__DATASET SECTION__
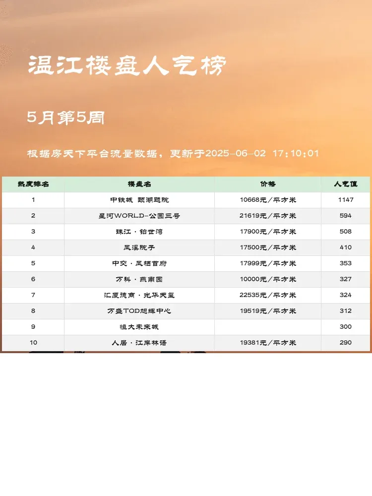 买房选房看榜单准没错!🔥 当前市场下,购房者更关注性价比+配套+未来潜力三大核心要素。这份温江人气楼盘榜单真实反映市场热度,帮你快速锁定优质房源,避免踩坑~ 一起来看看前三名都有哪些亮点吧!
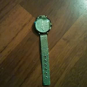 Cute silver watch with cute silver raised Eiffel tower detail.
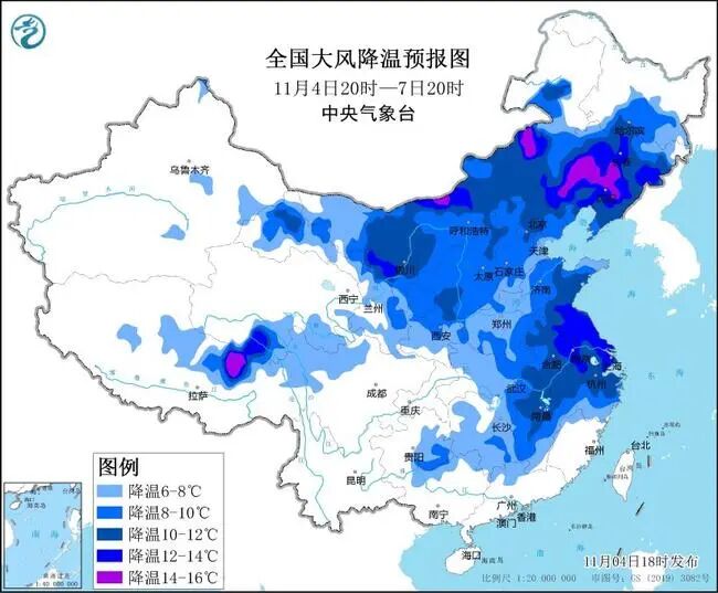 受强冷空气影响,预计,11月4日20时至11月7日20时,西北地区中东部及我国中东部大部地区气温将下降6~10℃,其中,内蒙古中部和东部、东北地区中南部、江淮中东部等地部分地区气温将下降12~14℃,吉林西南部、辽宁西北部、内蒙古东南部等地局地降温可达16℃以上;最低气温出现在7日早晨,最低气温0℃线将位于河北北部、北京南部、山西南部至陕西关中平原、甘肃东南部一带,长江中下游沿江大部地区最低气温将降至10℃左右。长江中下游以北地区有4~6级偏北风,阵风7~9级,局地可达10级;5日至6日,渤海、黄海、东海等海域有6~8级风,最大阵风9~10级。

__ASSIGNMENT__
Restate the whole listing above exactly, except for its images.

__WORKED SOLUTION__
 买房选房看榜单准没错!🔥 当前市场下,购房者更关注性价比+配套+未来潜力三大核心要素。这份温江人气楼盘榜单真实反映市场热度,帮你快速锁定优质房源,避免踩坑~ 一起来看看前三名都有哪些亮点吧!
 Cute silver watch with cute silver raised Eiffel tower detail.
 受强冷空气影响,预计,11月4日20时至11月7日20时,西北地区中东部及我国中东部大部地区气温将下降6~10℃,其中,内蒙古中部和东部、东北地区中南部、江淮中东部等地部分地区气温将下降12~14℃,吉林西南部、辽宁西北部、内蒙古东南部等地局地降温可达16℃以上;最低气温出现在7日早晨,最低气温0℃线将位于河北北部、北京南部、山西南部至陕西关中平原、甘肃东南部一带,长江中下游沿江大部地区最低气温将降至10℃左右。长江中下游以北地区有4~6级偏北风,阵风7~9级,局地可达10级;5日至6日,渤海、黄海、东海等海域有6~8级风,最大阵风9~10级。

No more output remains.